> Collected data
╭──

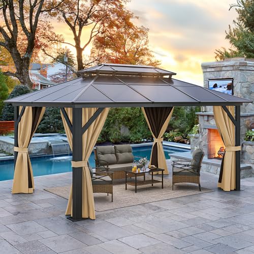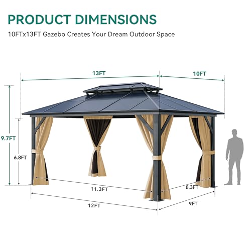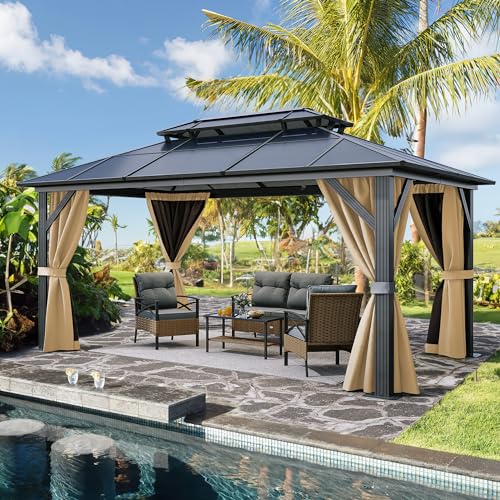 DOUBLE POLYCARBONATE ROOF- This 6mm thick all season gazebo protects against bad weather during outdoor activities; The heat insulation layer blocks 99% of harmful UV rays and reduces heat; Sleek roof slope design also prevents rain from gathering
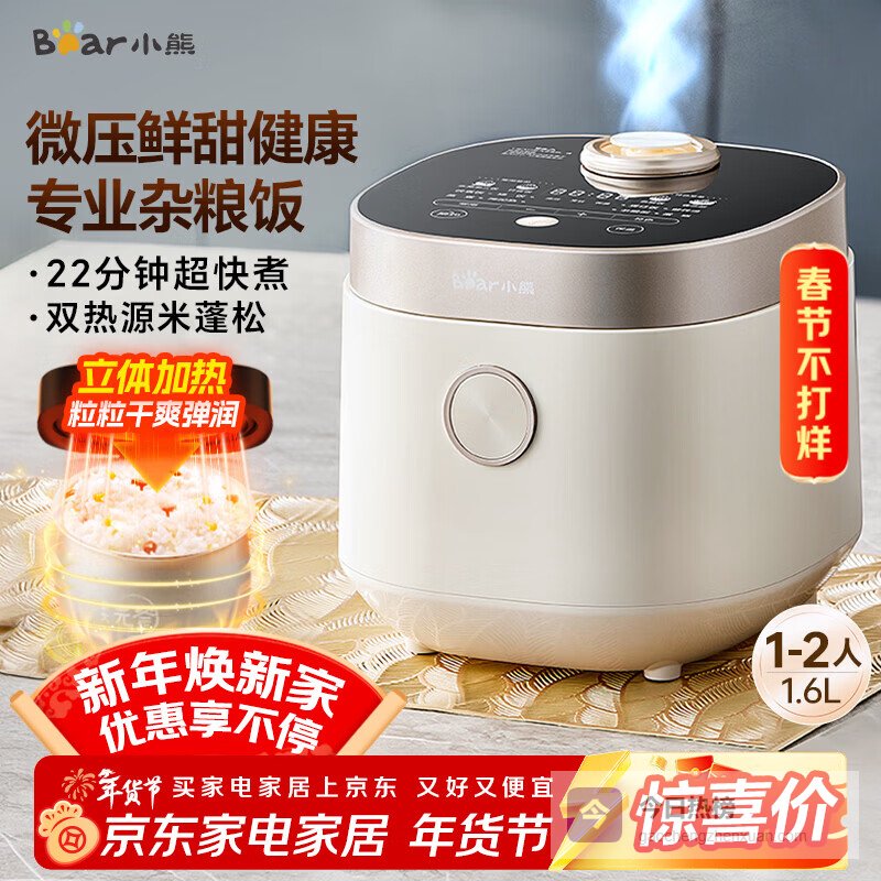 小熊(Bear)电饭煲1-2人 小电饭锅迷你家用一键快煮饭微压多功能预约配蒸笼1.6L蒸饭器DFB-C16Q1¥
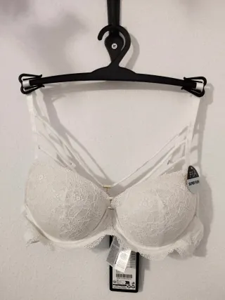 Sujetador blanco con detalle de encaje y tirantes. - Diseño super push up. - Detalle de encaje en las copas y el borde. - Tirantes finos y ajustables. Marca New Yorker (Censored).
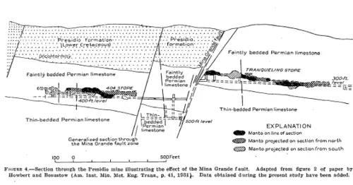 At the Presidio Mine, which started operation in 1880, the Permian Cibolo limestone formation is overlain unconformably by the Presidio formation, a massive dark-grey Cretaceous limestone. The Shafter limestone rests unconformably on the Presidio formation. Ore deposits are found in the Permian limestone and consist of supergene replacement minerals argentite and cerargyrite along the bedding. Veins and replacement mineralization are present in the overlying Cretaceous beds. Lodes in the Permian limestone include Manto ore deposits and thrust fault deposits, while those in the Cretaceous rocks are steep veins along normal faults. Smaller mines have operated in the district at various times, but the Presidio remains the largest and most continuous.[5]

╰──

> Your objective
What is needed is the listing above, repeated verbatim, without its images.

> Result of the task
 DOUBLE POLYCARBONATE ROOF- This 6mm thick all season gazebo protects against bad weather during outdoor activities; The heat insulation layer blocks 99% of harmful UV rays and reduces heat; Sleek roof slope design also prevents rain from gathering
 小熊(Bear)电饭煲1-2人 小电饭锅迷你家用一键快煮饭微压多功能预约配蒸笼1.6L蒸饭器DFB-C16Q1¥
 Sujetador blanco con detalle de encaje y tirantes. - Diseño super push up. - Detalle de encaje en las copas y el borde. - Tirantes finos y ajustables. Marca New Yorker (Censored).
 At the Presidio Mine, which started operation in 1880, the Permian Cibolo limestone formation is overlain unconformably by the Presidio formation, a massive dark-grey Cretaceous limestone. The Shafter limestone rests unconformably on the Presidio formation. Ore deposits are found in the Permian limestone and consist of supergene replacement minerals argentite and cerargyrite along the bedding. Veins and replacement mineralization are present in the overlying Cretaceous beds. Lodes in the Permian limestone include Manto ore deposits and thrust fault deposits, while those in the Cretaceous rocks are steep veins along normal faults. Smaller mines have operated in the district at various times, but the Presidio remains the largest and most continuous.[5]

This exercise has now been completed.